The man-made chemicals that have provided most of the chlorine and bromine for ozone depletion are methyl bromide, methyl chloroform, carbon tetrachloride and families of chemicals known as Halons, Chlorofluorocarbons (CFCs) and HydrochloroFluoroCarbons (HCFCs).

The scientific confirmation of the depletion of the ozone layer prompted the international community to establish a mechanism for cooperation to take action to protect the ozone layer.

This was formalized in the Vienna Convention for the Protection of the Ozone Layer, which was adopted and signed by 28 countries, on 22 March 1985. In September 1987, this led to the drafting of The Montreal Protocol on Substances that Deplete the Ozone Layer.

The principal aim of the   Montreal Protocol   is to protect the ozone layer by taking measures to control total global production and consumption of substances that deplete it, with the ultimate objective of their elimination on the basis of developments in scientific knowledge and technological information.

It is structured around several groups of ozone-depleting substances. The groups of chemicals are classified according to the chemical family and are listed in annexes to the Montreal Protocol text. The Protocol requires the control of nearly 100 chemicals, in several categories. For each group or annex of chemicals, the Treaty sets out a timetable for the phase-out of production and consumption of those substances, with the aim of eventually eliminating them completely.

The timetable set by the Protocol applies to consumption of ozone depleting substances. Consumption is defined as the quantities produced plus imported, less those quantities exported in any given year. There is also a deduction for verified destruction. Percentage reductions relate to the designated base-line year for the substance. The Protocol does not forbid the use of existing or recycled controlled substances beyond the phase-out dates.

Commenting on the plans by Zimbabwe to commemorate the event with the rest of the world, George Chaumba, Ozone Project Manager,National Ozone Unit,Climate Change Management Department in the Ministry of Environment, Climate, Tourism and Hospitality Industry said that in the past the Ministry organised symposia or symposiums  to commemorate the World Ozone Day where stakeholders were updated on progress made in eliminating Ozone Depleting Substances (ODSs) and Green House Gases (GHGs).

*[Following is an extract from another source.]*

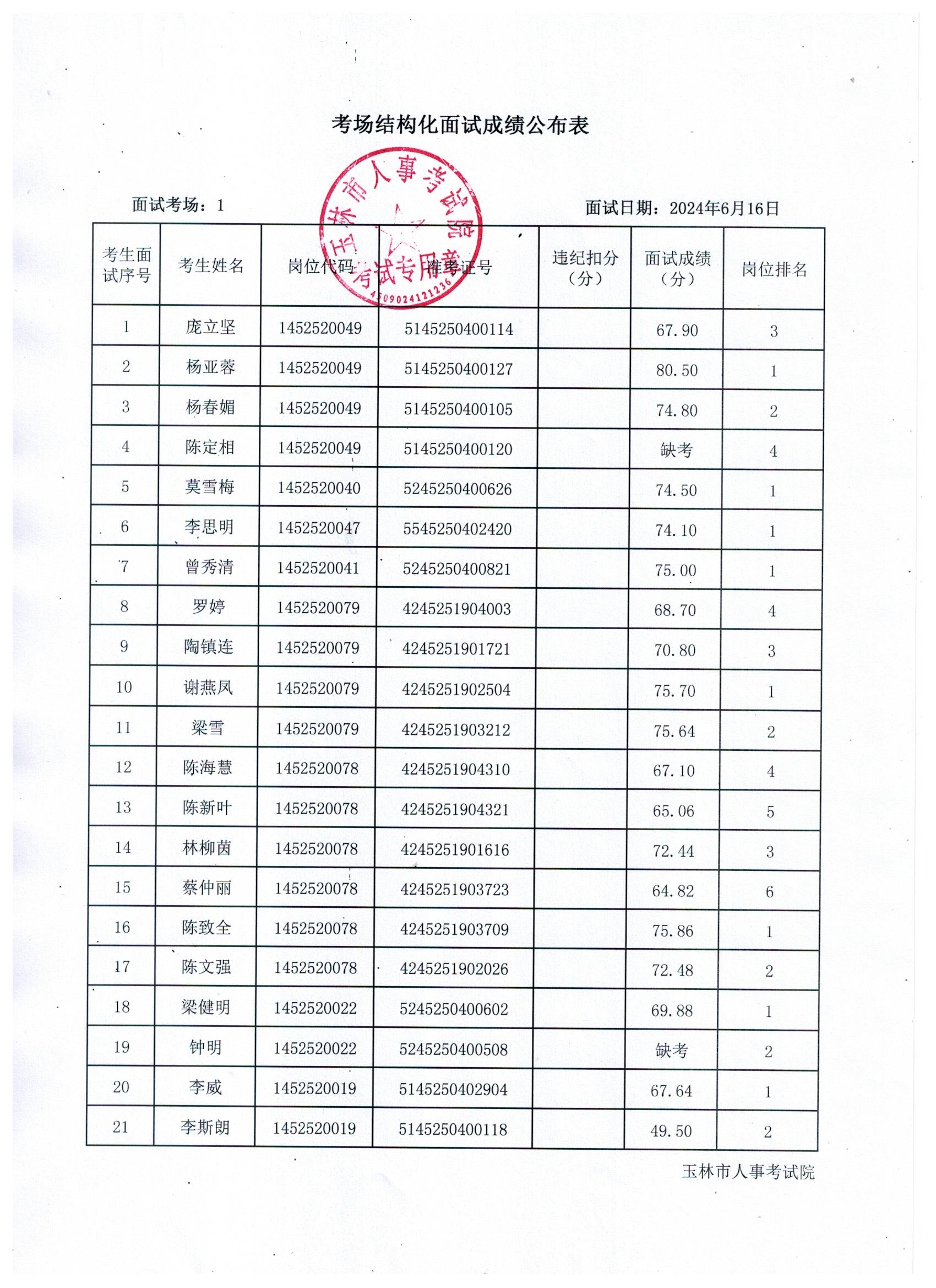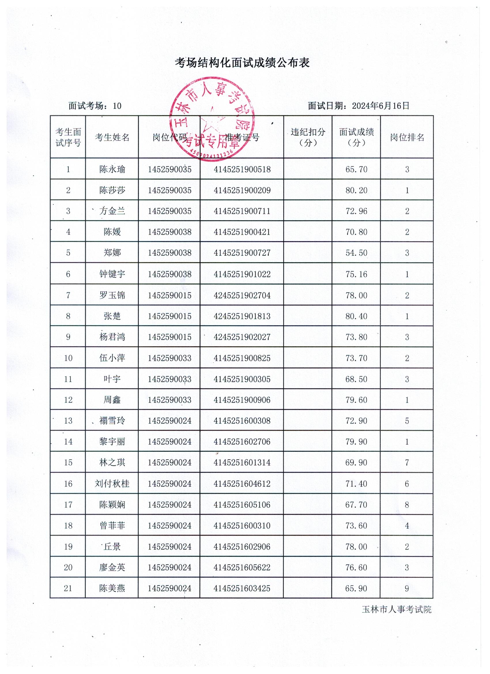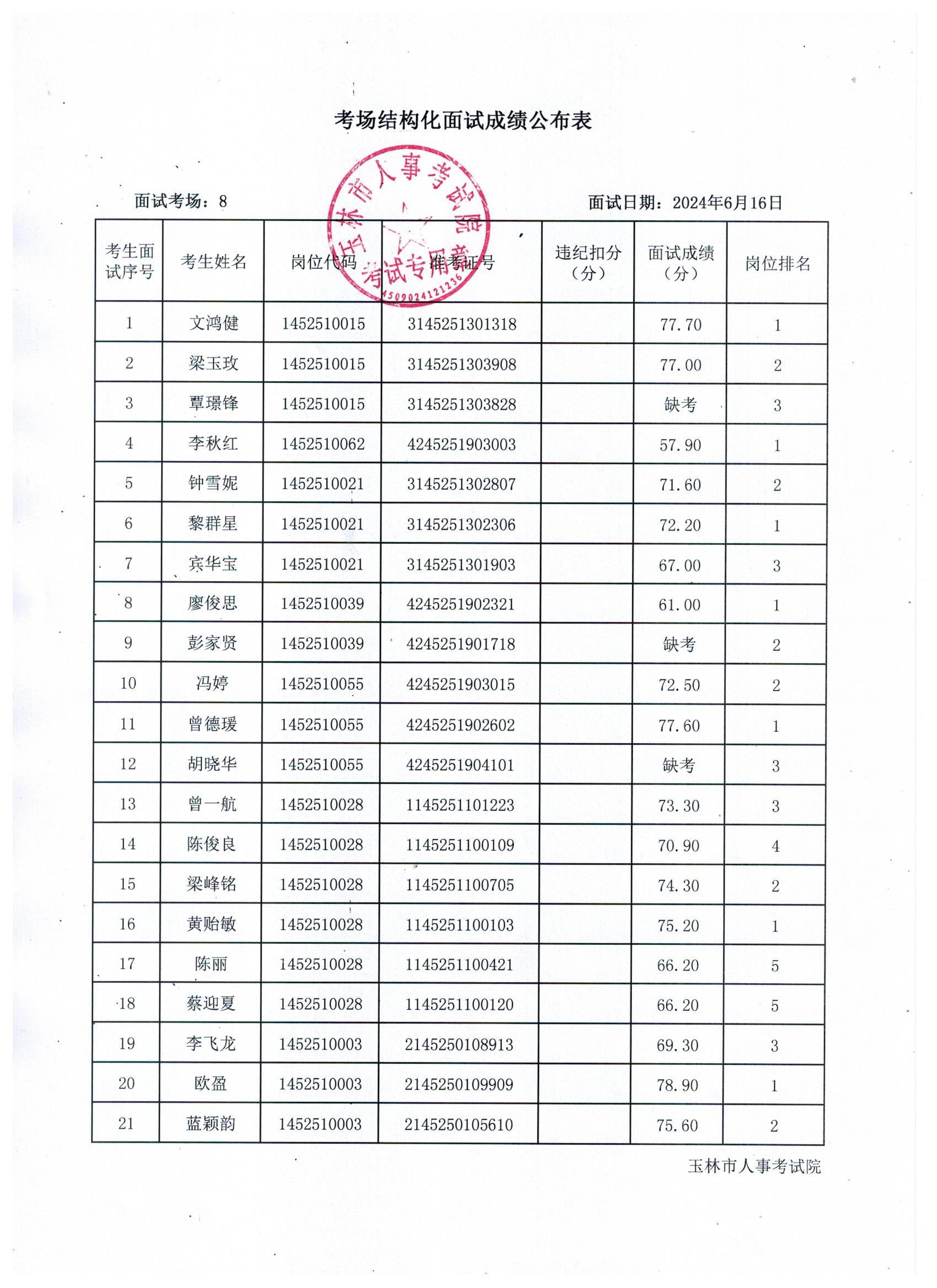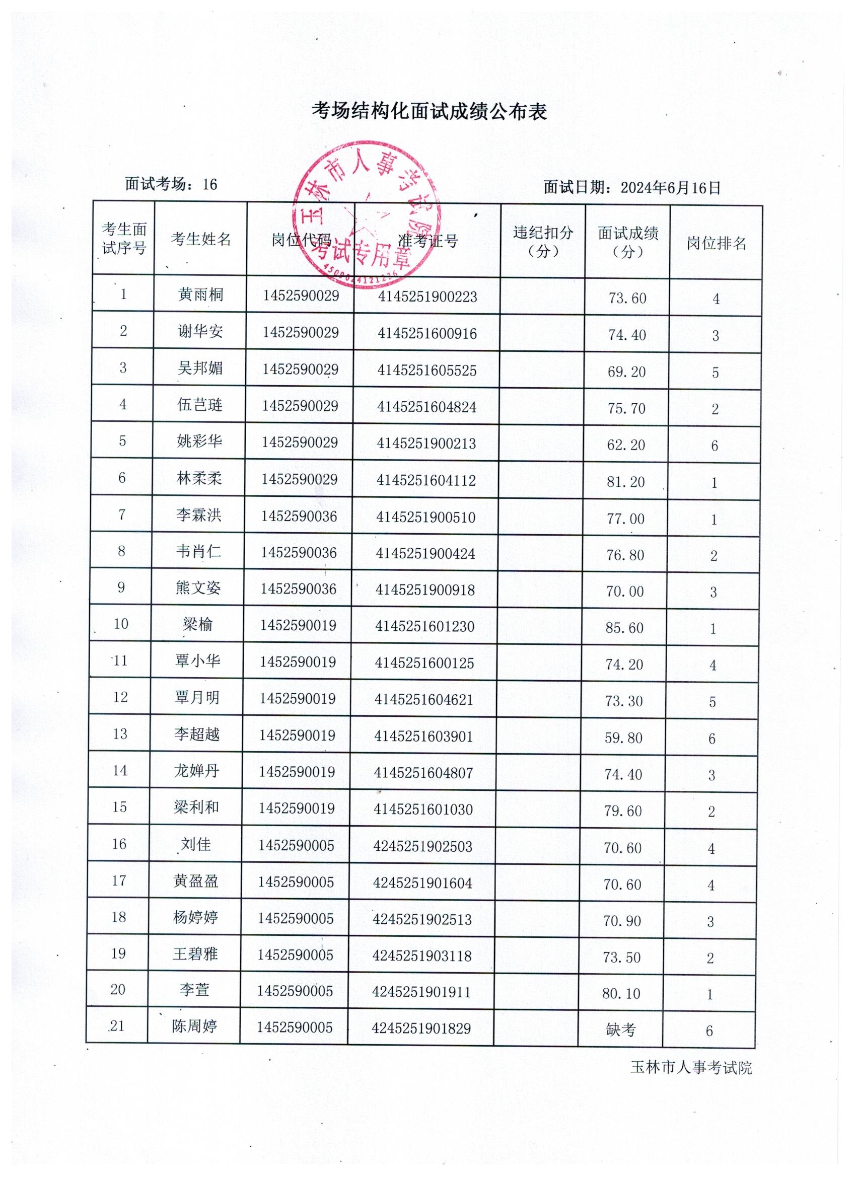 原文標題:2024年玉林市直(含玉州區、福綿區、玉東新區)事業單位公開招聘人員面試成績公布(6月16日)

Chaumba said that specific cases were presented in different sectors such as agriculture where methyl bromide was phased out in grain fumigation, tobacco seedling production and cutflower production,refrigeration and a

air conditioning where chlorofluorocarbons (CFCs) were eliminated in both manufacturing and servicing of Refrigeration and Air Conditioning (RAC) appliances.

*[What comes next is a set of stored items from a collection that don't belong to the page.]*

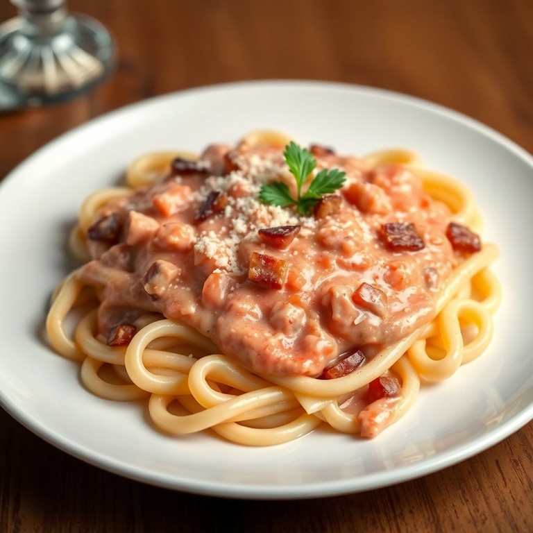 Macarrão Cremoso com Molho Rosé de Bacon e Queijo
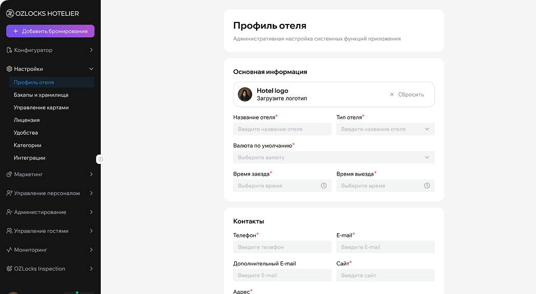 Территории, здания, этажи, категории и типы комнат — гибкая модель объекта, которая ложится на реальную структуру отеля
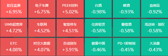 6月18日A股三大指数震荡收涨,截至收盘,沪指涨0.48%,报3030.25点,深成指涨0.4%,报9318.47点,创业板指涨0.29%,报1811.36点。从板块行情上来看,今日表现较好的胎压监测、电子车牌、PEEK材料板块,表现不好的有白酒、啤酒、血制品板块。
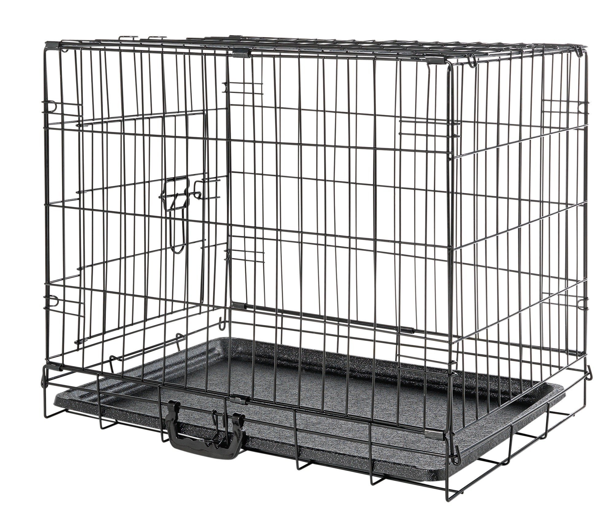DogCrates+ Medium Foldable Dog Crate with 2 Doors, Non-Chew Plastic Removable Tray, 30-Inch Black
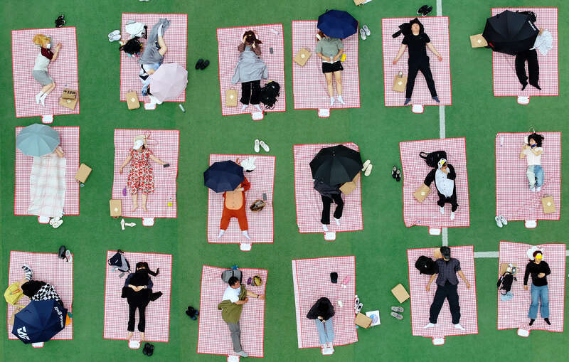 5月21日,韩国光州,朝鲜大学的体育场上,市民和学生参与者正在进行午睡大赛。视觉中国供图
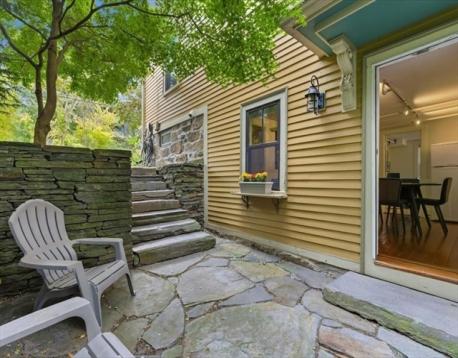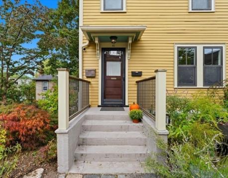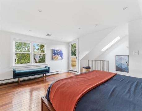 Near Arnold Arboretum, a 3-plus bed, 2 bath single family and 1 bed, 1 bath apartment with parking, blocks to Forest Hills T. Of 1880s vintage and tucked on a gentle hill, its secluded fourth-story deck faces the arboretum. The main house features three levels. The first floor greets with a large living room and semi-open kitchen and dining room. The kitchen, with dining peninsula and extensive storage, opens to a covered deck. The second floor offers two sizable bedrooms, one with an adjacent office or studio, and a clawfoot tub bath. A pass-through room leads to an expansive skylit top-floor primary suite with dressing room, double-vanity bath, and private deck. On the rear garden level, the 375 sq ft one-bedroom apartment has patio entry. Bluestone wraps the rear and side yard, leading up to the driveway with EV charger. On a one-way block in Jamaica Plain’s Arborway area, just 0.2 mi to the arboretum and short blocks to the bookstore, bakeries and cafes of Centre-South Streets.

He however said that for 2020 and 2021, the responsible ministry could not hold the commemorations because of the restrictions imposed due to the outbreak of the Covid-19 pandemic.

‘Only press statements were issued by the Honourable  Minister and these highlighted progress made by the Government of Zimbabwe to comply with the provisions of the Montreal Protocol,” Chaumba said.

He is optimistic that this year the commemorations will be conducted saying that they are  making plans to commemorate World Ozone Day through a symposium at a venue to be advised.

‘If the National Ozone Steering Committee decides so and the Covid-19 restrictions permit public gatherings, then we will invite representatives of all major stakeholders including some members of the public,” Chaumba said.

The event will also be commemorated locally following a number of initiatives which have been carried out to phase out ozone depleting substances.\

The responsible ministry under the national ozone unit has also been actively engaging and working with the media to bring much needed education. information and awareness on the issues.